Most data scientists also have a master’s degree. The most popular is a Master of Data Science or similar, such as a Master of Applied Data Science or Master of Data Science Strategy & Leadership. In addition, professional certifications in Neural Networks, Deep Learning, or Machine Learning may be required.
Jobs in Analytics and Data Science
Perhaps unsurprisingly, business analytics professionals often work as “business analysts” while data science professionals are often classified as “data scientists”. The work can overlap and the jobs have other titles of course. Often, a careful examination of job duties is needed to really appreciate what a particular position entails.

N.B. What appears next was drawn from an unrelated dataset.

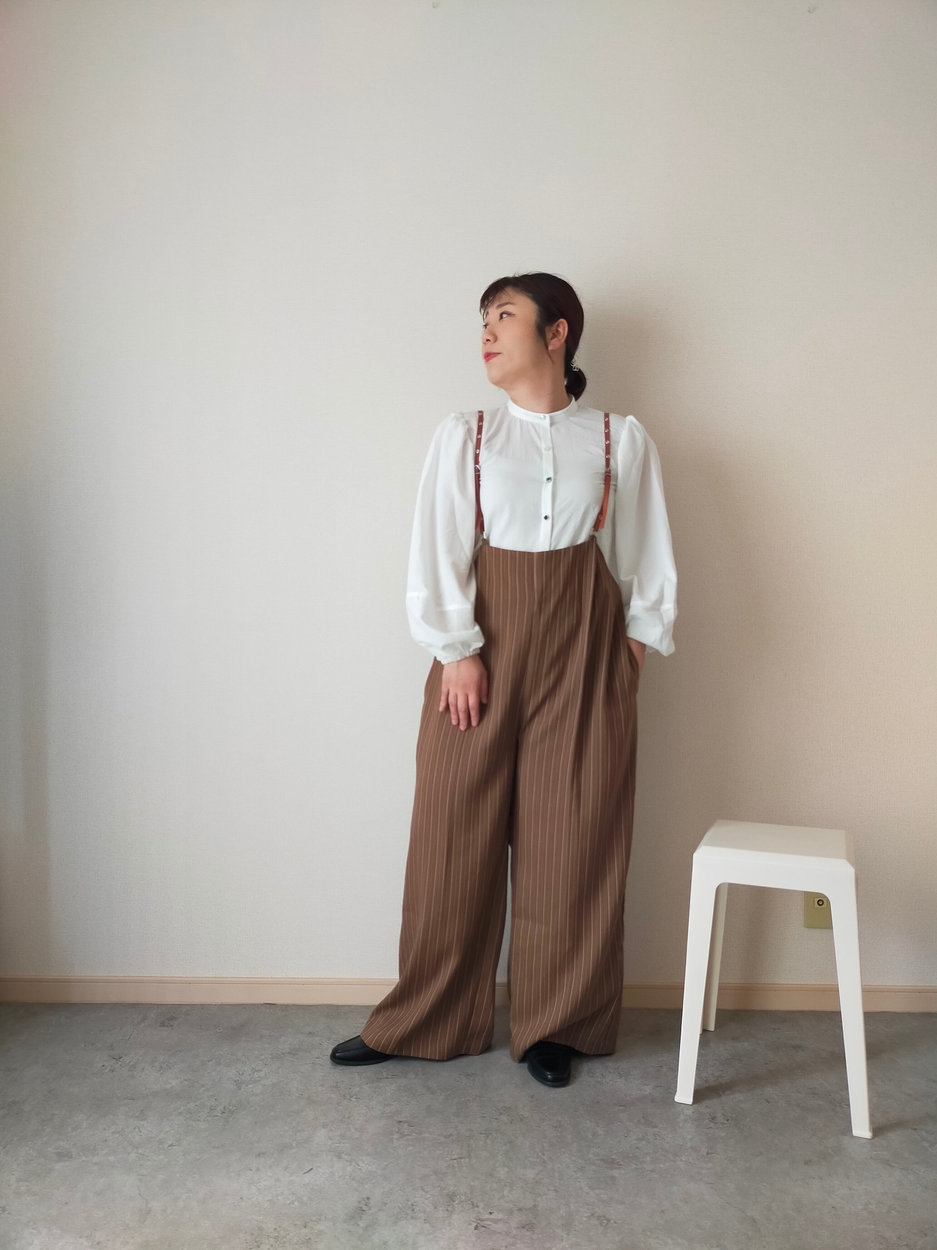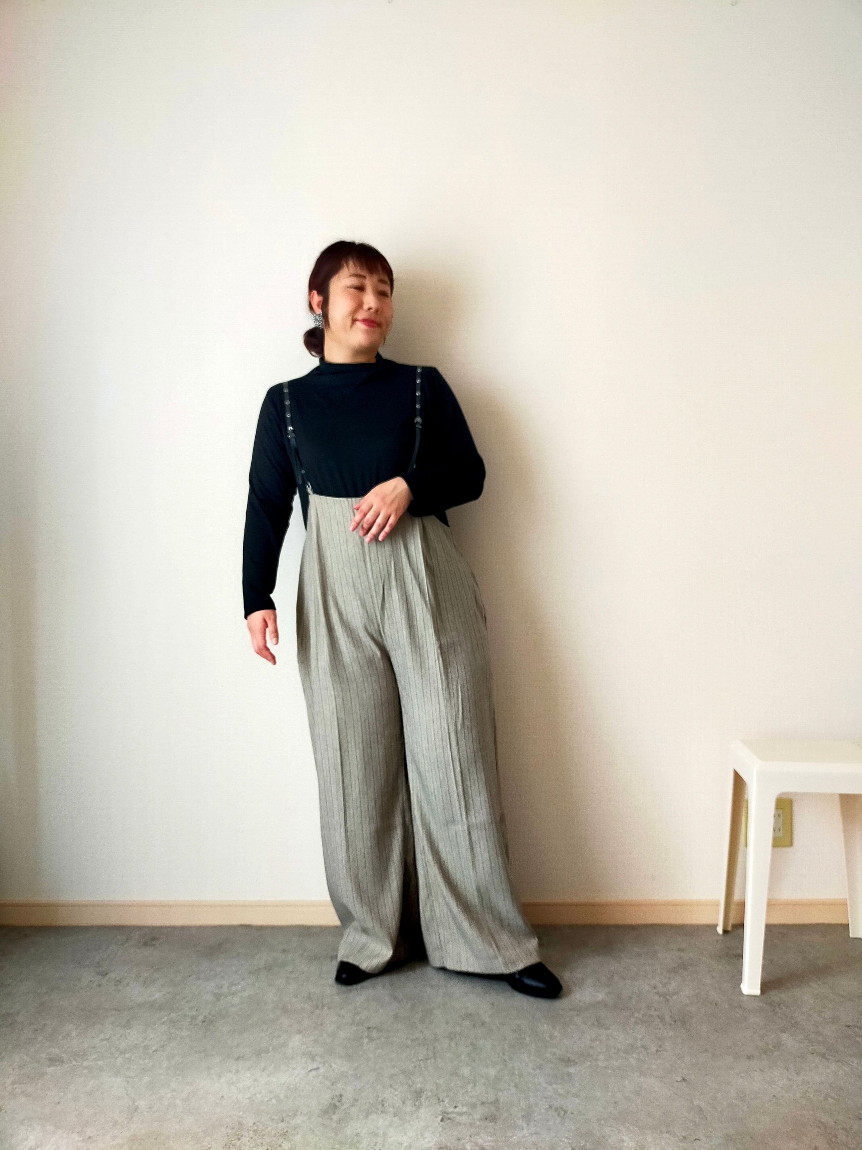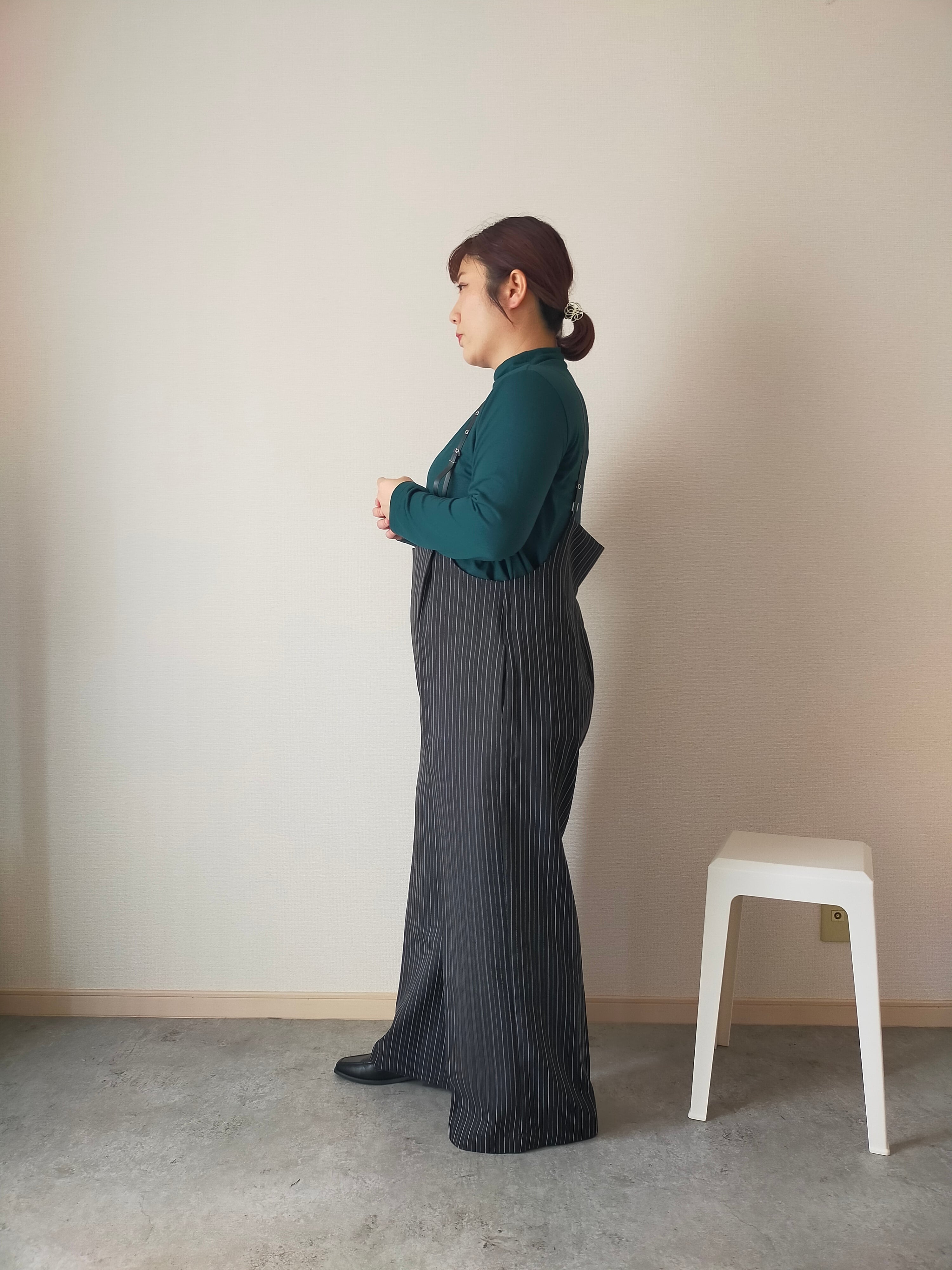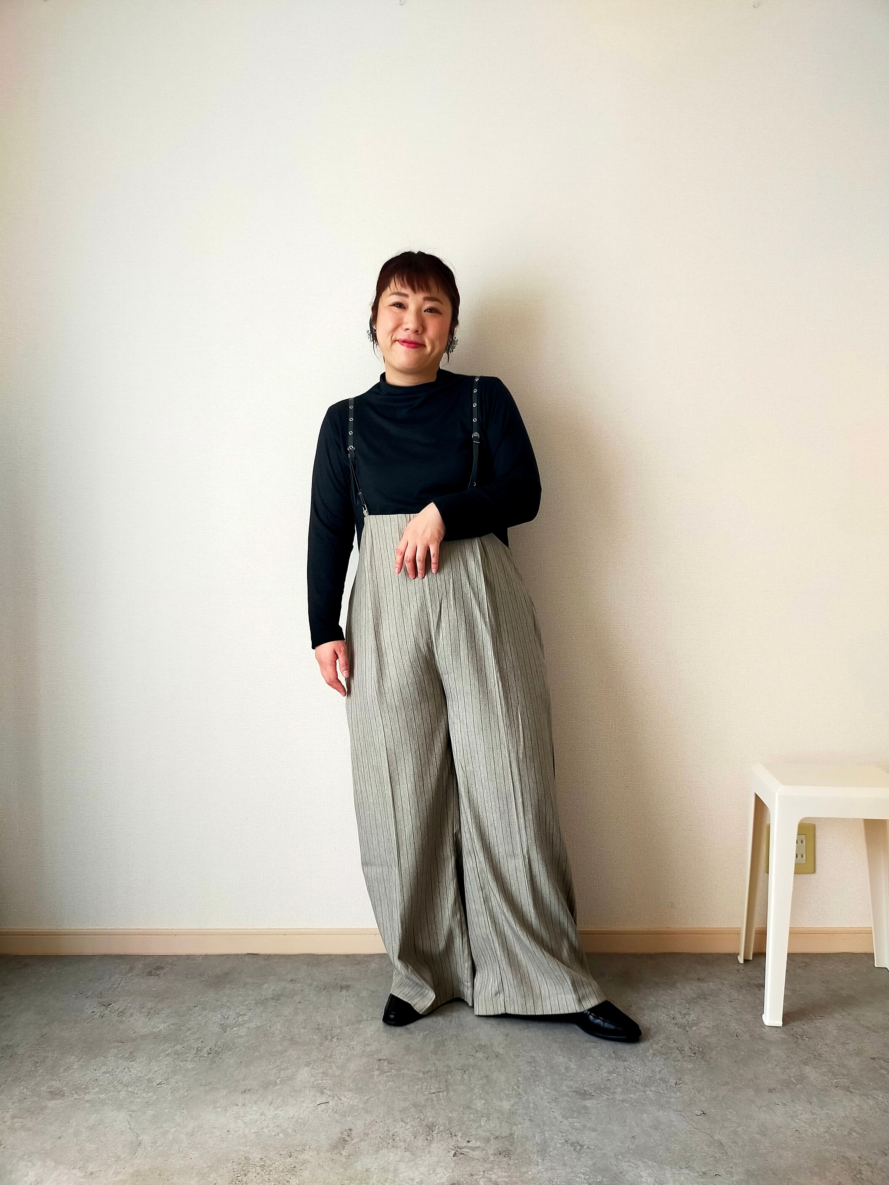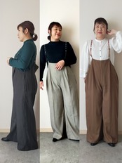 幼くなりがちなサスペンダーアイテムも、シルエットや細めの合皮の肩ひもで

Data Scientists have more education and a higher degree of specialization, and so they typically command a higher salary than Business Analysts.BrainStation
Data scientists tend to earn more than business analysts, as you would expect given the exceptionally high levels of skills and training needed for data science roles. That is not to say that a given individual will earn more by entering the data science profession. For example, someone with a flair for business strategy and communication who has leadership qualities could have more success in a business analytics career.
Business Analyst Jobs
Business analysts potentially have a track into business leadership roles and data-focused positions. Potential career paths for analysts include:
- Operations Research Associate
- Quantitative Analyst
- Business Analyst
- Market Research Fellow
- Business Performance Analyst
- Strategy Leader
Data Scientist Jobs
Data scientists have numerous career options in theoretical fields with a research focus and applied roles within organisations and corporations. Some of the career options for data scientists include:
- Machine Learning Engineer
- Data Scientist
- Applications Architect
- Data Engineer
- BI Developer
Summary: Business Analytics vs Data Science
Ultimately, while the work of business analysts and data scientists substantially revolves around data, they employ data to different ends. Business analysts work on the frontline of business problems, providing insights that enable sound decision making.
Data science professionals operate more in the backroom where they collect, clean, tag, and manipulate data to deliver business value. While operating behind the scenes, the essential skill requirements for data science are greater and the salary compensation is commensurately higher.